Goldman Sachs is pushing for more deals in the middle market — defined as $500m-$3bn in size — and other big banks are following suit, according to sources. Larger banks previously shunned deals that did not come with blockbuster price tags because they were viewed as not profitable enough to justify the expense.

“Investment banking is a human-capital intensive business, and banks have to manage that resource where it’s going to generate the biggest fees — namely, big deals,” said Crockett. “Technology will allow banks to increase the number of deals they do exponentially, because the cost of executing a deal will go down.”

Technology could level the playing field for smaller banks that do not have the firepower to bring in hundreds of juniors every year. Boutique firms LionTree Advisors and William Blair are using technology in the dealmaking process, largely to uncover potential buyers and sellers for clients.

“One can’t automate good advice and good judgment”

Vikram Pandit, the former chief executive of Citigroup who now runs Orogen Group, the fintech-orientated investment firm, told Financial News that boutique banks will use technology to “scale more quickly”, allowing “smaller players to compete with large legacy banks”.

Though banks say they will not need fewer juniors, the talents they are expected to bring to the job will undoubtedly change. The shift towards automation in trading has increased the demand for recruits with mathematical and programming skills, and a similar dynamic is likely to emerge in advisory work.

“It will drive a dramatic rethink of how we staff the deal teams,” said Richards. “In five years’ time, it’s impossible to think that most of the junior bankers we hire won’t have some form of programming experience.”

“We are a team of investment bankers who are also data scientists,” added Jansen.

JPMorgan’s Richards said: “Many of the people interested in getting into finance are going to be computer science minors, or have joint business degrees.”

The idea of hiring “bankers who code” is gaining traction. Jansen said that an analysis of the students applying for roles within its investment bank revealed that up to 40% had knowledge of the core coding languages used by banks: Python, Java or C.

“It’s really up to us to develop platforms that allow them to utilise those skills,” he said.
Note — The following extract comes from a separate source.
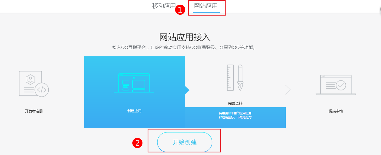 1、申請QQ互聯(lián)1.開發(fā)者注冊1.在QQ互聯(lián)開放平臺首頁http://connect.qq.com/,點擊右上角的“登錄”按鈕,使用QQ帳號登錄。重要提示:開發(fā)者QQ號碼一旦注冊不能變更,建議使用公司公共QQ號碼而不是員工私人號碼注冊,以免遇到員工離職等情況造成不必要的麻煩。2.登錄成功后會跳轉到開發(fā)者注冊頁面,在注冊頁面需要提交公司或個人的基本資料。2.網(wǎng)站接入申請網(wǎng)站接入前,需首先進行申請,獲得對應的appid與appkey,以保證后續(xù)流程中可正確對網(wǎng)站與用戶進行驗證與授權。2.1添加網(wǎng)站開發(fā)者注冊成功后,會跳轉到“管理中心”頁面。點擊

Crockett said: “Excel is a time-saving tool, but even assuming that juniors use Excel VBA to write macros — which the majority of them can’t — using Python is an entirely different world. The quantum of data it opens up and the longevity of that is completely different."

Goldman is so keen to ensure that bankers use its new Jupiter system that it has become a mandatory part of its graduate training programme. At the same time it is aiming to ensure that junior bankers get client exposure within two years, rather than around the current five, in an attempt to boost retention rates.

“For junior bankers it means they focus on higher-quality, more value-add functions earlier,” said Barg. “We want to replace the needless repetitive work analysts and associates do, automate that, so that they can start talking to clients earlier.”

Crockett said: “The real challenge [for technology teams] is delivering some small package of value that impresses senior bankers. The aim, ultimately, is to change the culture to the extent that a dealmaker comes to you and says ‘I need something’.”

The question now is how far technology will go in automating a process that has largely relied on human relationships and expertise. Goldman’s Barg believes technology will not make investment bankers extinct any time soon.

“One can’t automate good advice and good judgment,” he said.